Your objective —
Your response should be an exact transcription of the data, images excluded.

Exercise data —

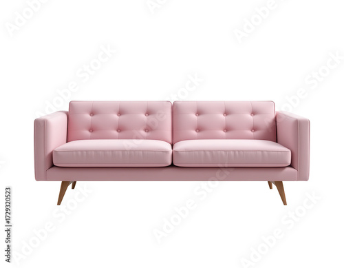 Fototapeta premium Stylish Pink Sofa with Wooden Legs for Modern Living Room Decor
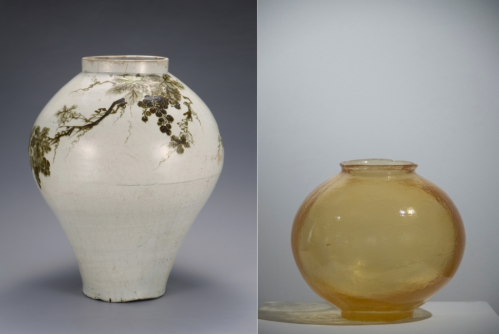 | ▲ 백자 철화포도문 항아리(왼쪽)와 신미경 작품 [이화여대박물관 제공. 재판매 및 DB 금지] |
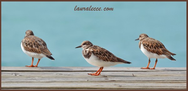 Not all seabirds are what we imagine. When I hear “seabird” I think of a large pointy-winged hunter gliding over the ocean, waiting to dive for its prey just below the surface of the water. Or, I think of a huge colony of squabbling seagulls on the sand fighting over their food. In this photo however, are a trio of fairly timid and quiet seabirds that are often overlooked for a photo. I think that the red-brown feathers and bright orange legs are a perfect match for this crystal clear, aqua blue water.

Answer to the problem —
 Fototapeta premium Stylish Pink Sofa with Wooden Legs for Modern Living Room Decor
 | ▲ 백자 철화포도문 항아리(왼쪽)와 신미경 작품 [이화여대박물관 제공. 재판매 및 DB 금지] |
 Not all seabirds are what we imagine. When I hear “seabird” I think of a large pointy-winged hunter gliding over the ocean, waiting to dive for its prey just below the surface of the water. Or, I think of a huge colony of squabbling seagulls on the sand fighting over their food. In this photo however, are a trio of fairly timid and quiet seabirds that are often overlooked for a photo. I think that the red-brown feathers and bright orange legs are a perfect match for this crystal clear, aqua blue water.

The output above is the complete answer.